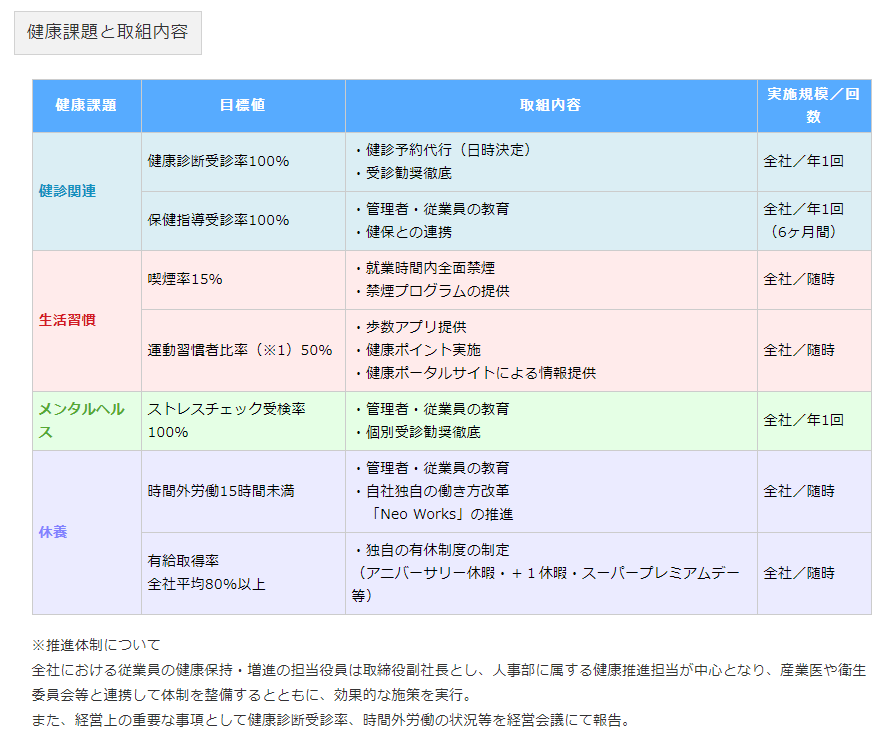 ここでお話させていただいた内容は、あくまで弊社の健康経営推進事例の一つです。
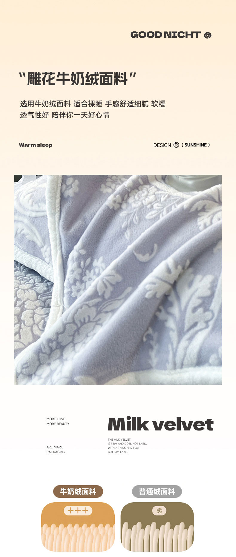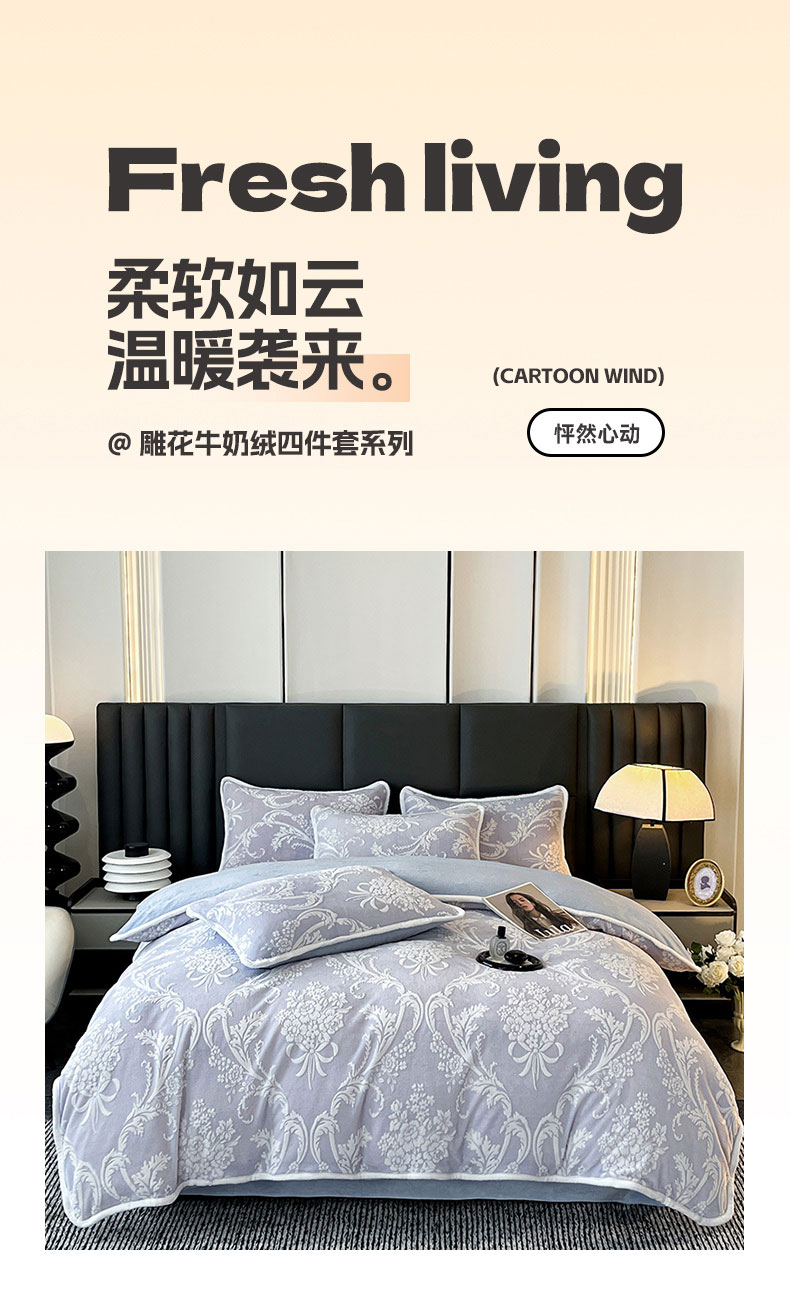(总)妮恒美家纺 2025新款雕花牛奶绒四件套,法式浪漫-嫣紫,法式浪漫-海蓝灰,法式浪漫-奶茶杏,山水画-海蓝灰,山水画-浅豆沙,山水画-嫣紫,雪莲花-草绿,雪莲花-暖心玉,雪莲花-浅灰绿
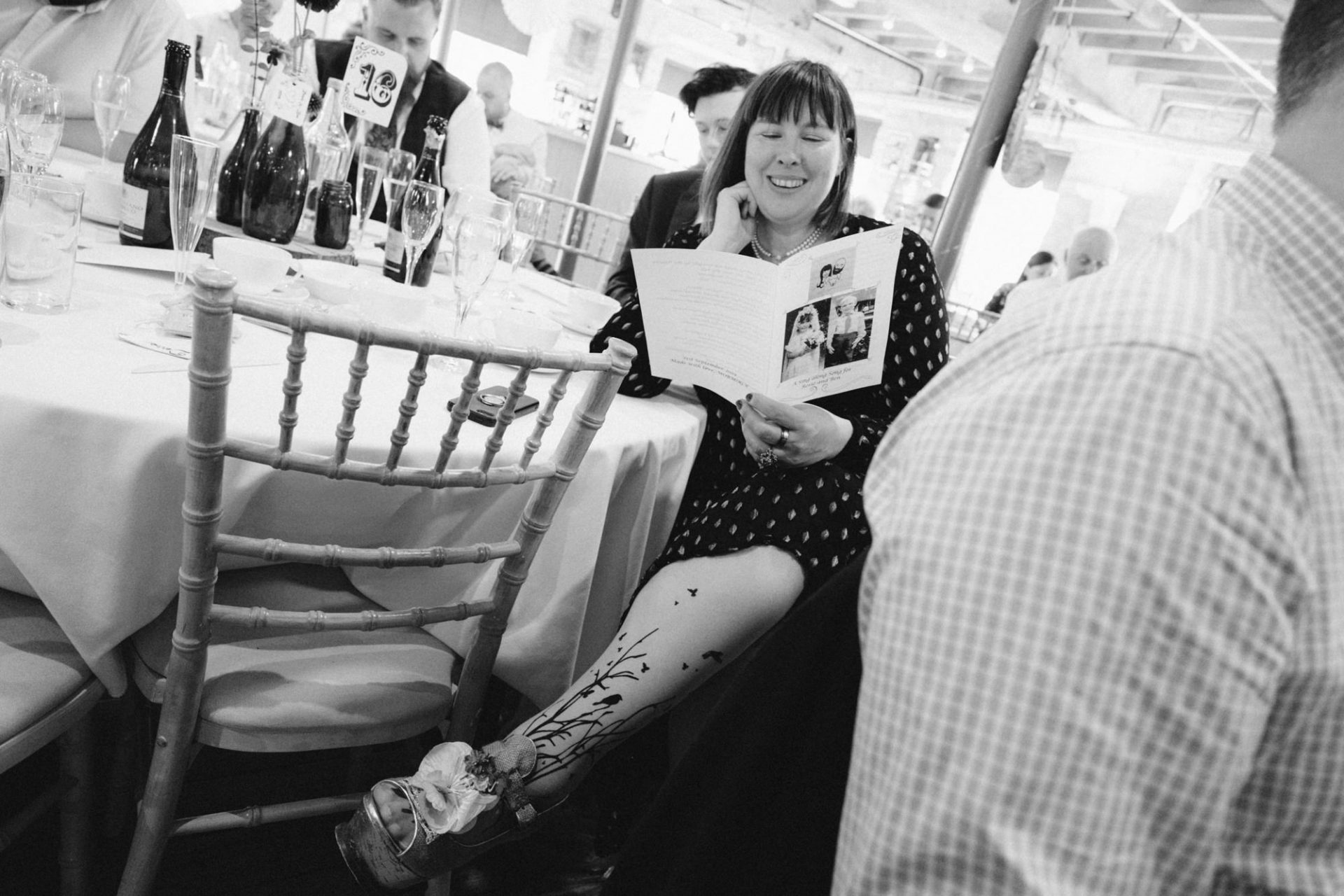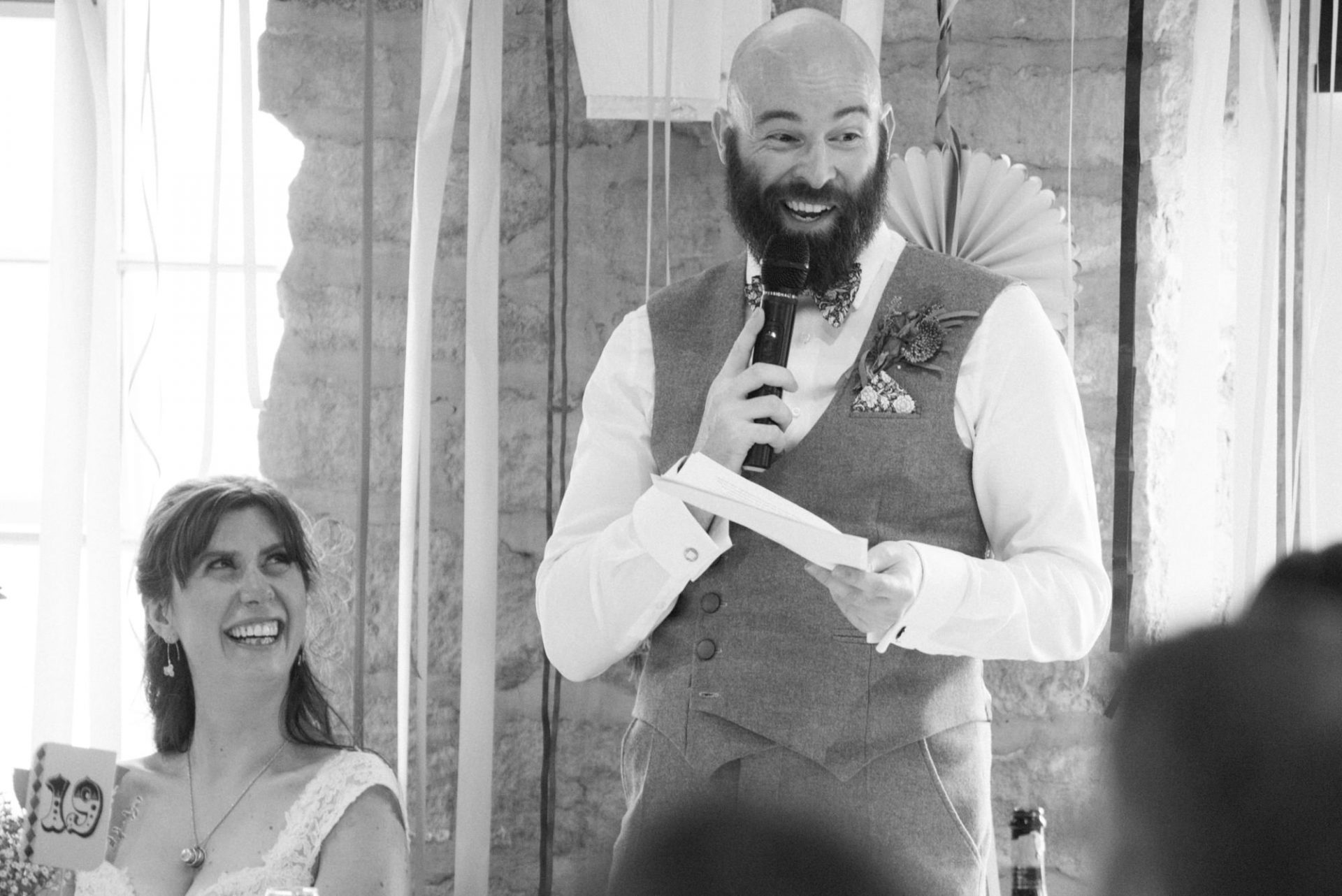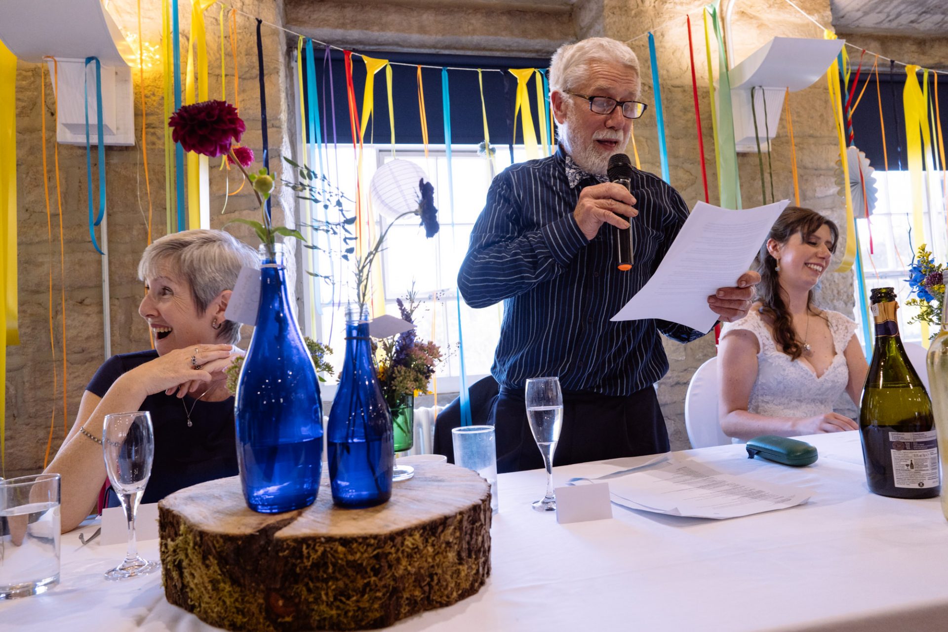 There were many speeches at this wedding. Therefore, I shouldn’t have been surpised when the mother of the groom took the stand. Firstly, she had the assembled masses rolling in the aisles with unexpected anecdotes. Secondly, mystery song sheets were handed around. Thirdly, I snapped away feverishly as everyone stood and belted their hearts out to a rendition performed by Rosie and Ben’s best friends.

_Exercise directions:_
Without altering anything, output all the lines above but none of the images.

_Task result:_
 ここでお話させていただいた内容は、あくまで弊社の健康経営推進事例の一つです。
(总)妮恒美家纺 2025新款雕花牛奶绒四件套,法式浪漫-嫣紫,法式浪漫-海蓝灰,法式浪漫-奶茶杏,山水画-海蓝灰,山水画-浅豆沙,山水画-嫣紫,雪莲花-草绿,雪莲花-暖心玉,雪莲花-浅灰绿
 There were many speeches at this wedding. Therefore, I shouldn’t have been surpised when the mother of the groom took the stand. Firstly, she had the assembled masses rolling in the aisles with unexpected anecdotes. Secondly, mystery song sheets were handed around. Thirdly, I snapped away feverishly as everyone stood and belted their hearts out to a rendition performed by Rosie and Ben’s best friends.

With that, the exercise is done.